Читаем Каждый в нашей семье кого-нибудь да убил полностью

А я вспомнил напоследок кое-что еще:

– О… и… гм… не общайтесь с ним больше без меня. Или что там обычно говорят адвокаты. – С этими словами я толкнул дверь.


Если в холле ощущался застоявшийся запах сырости, вполне ожидаемый в месте, где собираются люди, катавшиеся на лыжах, то в сушильне пахло кораблекрушением. В этой каморке люди снимали свое пропотевшее мокрое лыжное обмундирование и сушили его ночью, чтобы утром забрать недосохшее. Помещение было герметично закупорено, чтобы тепло и запахи не вытекали наружу: подбитая резиной дверь фукнула при открывании, когда воздушная печать была взломана. Чтобы дышать в такой сырости, нужны жабры. Я почти ощущал, как в нос забиваются споры плесени. Сказать, что здесь воняло немытыми ногами, было бы оскорблением ногам.

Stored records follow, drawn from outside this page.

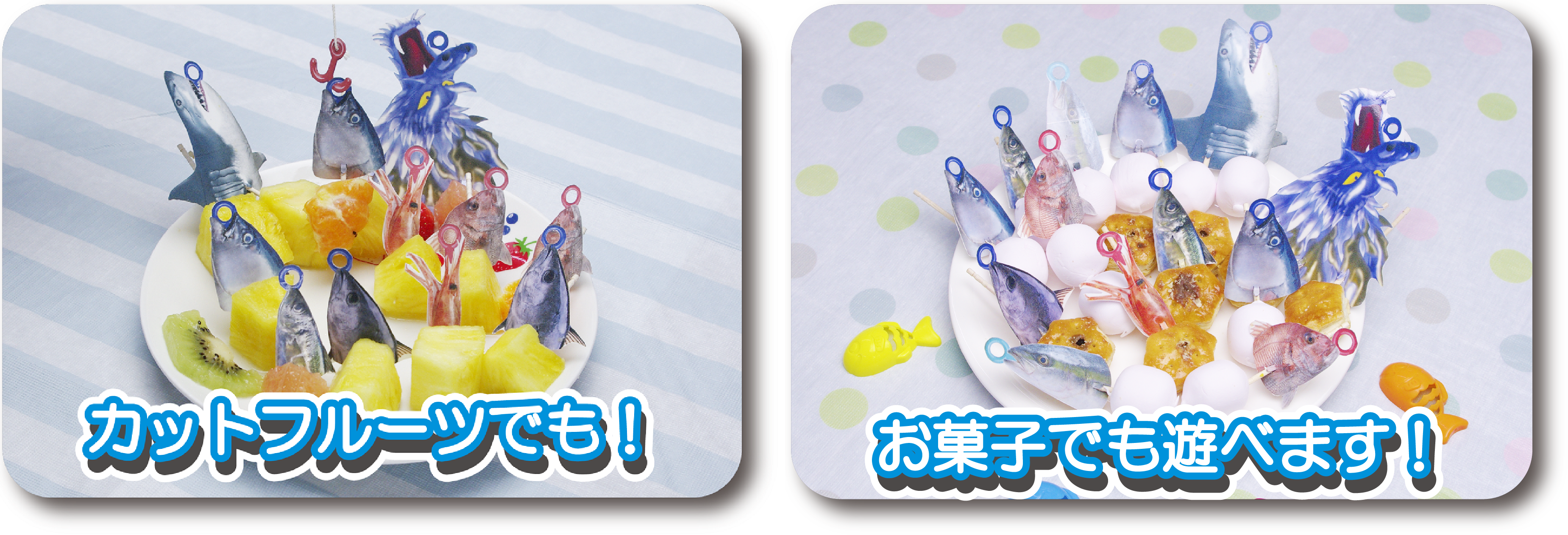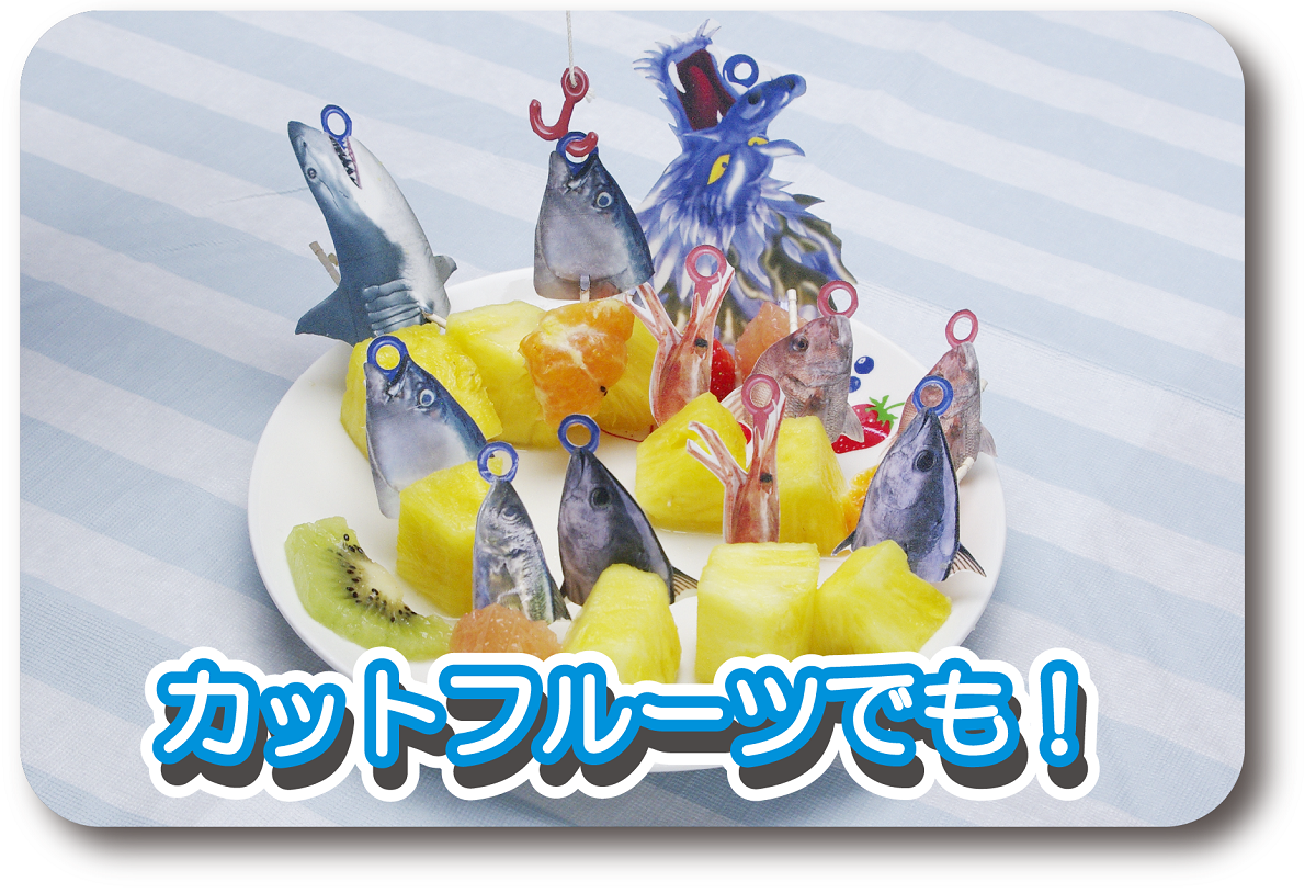また、お刺身だけに限らず、カットフルーツやミニカステラなど、子供が喜ぶ食材を付けて釣りゲームを楽しむこともできます。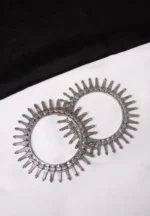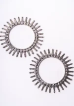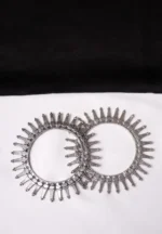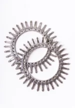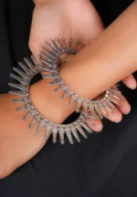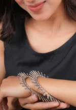 Set of bangles with fine intricate detailing and oxidised silver tone finish featuring a series of cone like structure adorned with small circular beads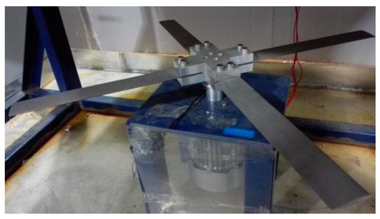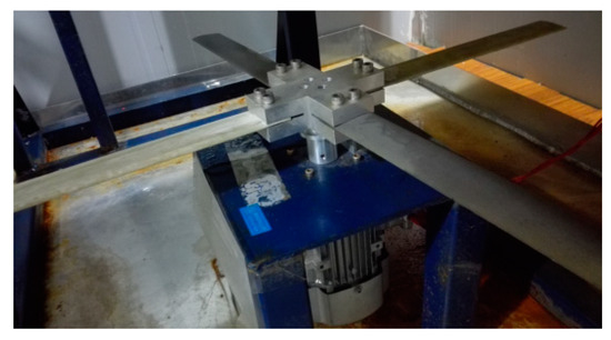 As shown in Figure 4, the blade diameter was 85 cm and chord length was 5 cm. The blade section was NACA0012 airfoil and the blade shape was rectangular without torsion. The blade materials included steel and composite material, and the number of blades on the rotor was four. As shown in Figure 5, the blade and rotating mechanism were driven by an alternating current motor. During the experiment, the rotation speed was controlled by adjusting the motor frequency. In order to accurately obtain the rotation speed, we installed a Hall switch element on the blade hub to measure the rotation speed.

Комната узкая и длинная, вдоль стен прямоугольные ящики для обуви с открытыми крышками, полные расшнурованных лыжных ботинок. Из многих торчали, как высунутые языки, наполовину вытащенные стельки, некоторые были вынуты совсем и стояли, прислоненные к стенке, эти издавали ароматы особенно интенсивно. Над ящиками возвышались стойки с лыжными куртками, плащами и внутренностями ботинок, повешенными на крючки для одежды. Перед небольшим водонагревателем размещалась грязная сушилка для одежды, заваленная носками. Самое удивительное, что на полу в этой комнате лежал ковер, который впитывал в себя сырость. Пока я шел, он даже слегка чавкал под ногами, как пропитанная водой губка. Освещением служил горящий нагревательный элемент в дальнем конце помещения над единственным, наглухо закрытым окном. Снег, налипший на него снаружи, не пропускал естественный свет.

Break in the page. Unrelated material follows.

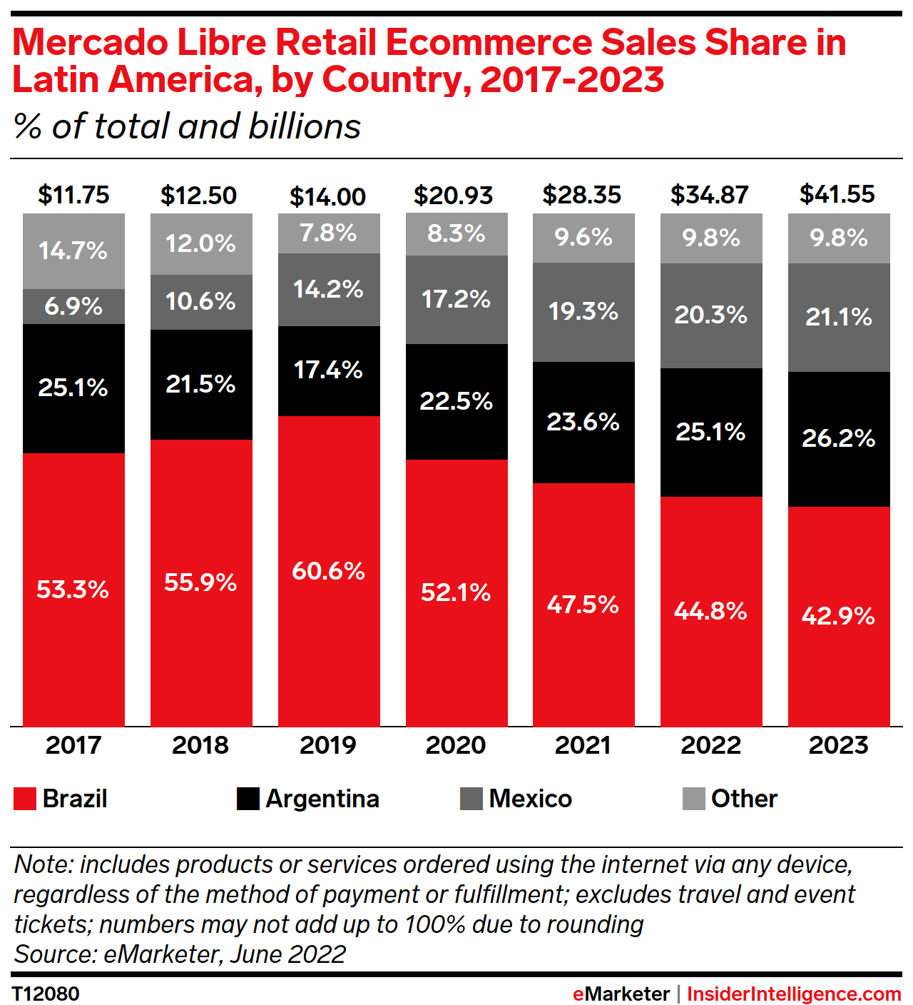 Mobile will propel future growth. Mcommerce sales will continue to eat up a larger share of Mercado Libre’s total digital revenues, representing more than three-quarters (76.1%) of its regional business for the first time this year. That’s 15.2 percentage points higher than mcommerce’s total share of retail ecommerce sales in Latin America.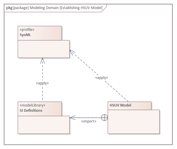 As shown in this diagram, the HSUV Model is a Package that represents the user model. The SysML Profile is applied to this Package in order to include stereotypes from the profile. The HSUVModel might also require model libraries, such as the SI Units Types model library. The model libraries are imported into the user model as indicated.

Под окном сидел Майкл, примостившись на ящике для обуви, закрытом и украшенном для мнимого комфорта набросанными сверху подушками. Там же стоял поднос обслуживания в номерах с банкой колы и корками от сэндвича. Наручники с узника были сняты, так же как и куртка, рукава закатаны. Репутация Каннингемов как участников акций гражданского неповиновения несколько затмила наши тонкие как тростник фигуры. Проще говоря, никто никогда не путал нас с футболистами. Без пуховой куртки Майкл совсем выпадал из стиля.

– У тебя были плечи, – сказал я. – Это из-за тюрьмы?

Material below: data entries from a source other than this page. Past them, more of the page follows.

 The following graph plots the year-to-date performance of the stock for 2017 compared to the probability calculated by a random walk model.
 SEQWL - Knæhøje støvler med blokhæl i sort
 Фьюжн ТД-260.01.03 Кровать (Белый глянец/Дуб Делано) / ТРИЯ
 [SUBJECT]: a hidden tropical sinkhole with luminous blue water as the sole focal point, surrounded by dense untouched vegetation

Майкл указал мне на стул напротив себя. Оранжевая нагревательная лампа издавала дроновское жужжание.

– Я бы закрыл ее. – (Дверь осталась на три четверти открытой.) – Но боюсь, мы тут задохнемся. – Что было правдой, но не являлось единственной причиной. Я молол языком, стараясь заполнить комнату звуками, и держался у выхода. Если вы еще не заметили, что я использую юмор в качестве защитного механизма, то не знаю, что вам и сказать. – Марсело зарабатывает этим на жизнь, если ты не в курсе.

– Сядь, Эрн.

Для храбрости я сделал большой глоток похожего на суп воздуха и подошел к стулу. Сел. Наши колени соприкоснулись. Я отодвинул свой стул назад. Майкл смерил меня взглядом, который сперва показался мне задумчивым и любопытным, глаза брата пробежались по чертам моего лица, выискивая произошедшие за три года перемены. Потом мне в голову пришла другая мысль: он примеривается, как хищник к добыче.

– Я думал о Джереми, – сказал Майкл. – Знаю, ты, наверное, был слишком мал и ничего не помнишь. Да?

Мрачная тема для начала разговора, но я решил, что лучше не перечить, и сказал:

– Типа того. То есть… ну… иногда я задумываюсь, действительно помню это или просто впитал в себя достаточное количество описаний, и мой мозг сшил их воедино. В какой-то момент я перестаю понимать, что было на самом деле, а что я додумал. – Мне было всего шесть, и я знал, что бо́льшую часть того дня проспал, то есть многое сконструировано позже. – Иногда я вижу сны, и это странно, потому что мне как будто снятся чужие воспоминания. Бывает, что он… ну… иногда он… – Я замолчал.

– Я понимаю, о чем ты. – Майкл потер лоб, как той ночью, когда приехал ко мне домой с Аланом Холтоном в машине и на лбу у него отпечаталась вмятина от руля. – Я знаю, мама была строга с тобой. Думаю, ты тогда не понимал, как это тяжело. Нас было пятеро и вдруг осталось трое, в один миг. Вот так. – Майкл щелкнул пальцами.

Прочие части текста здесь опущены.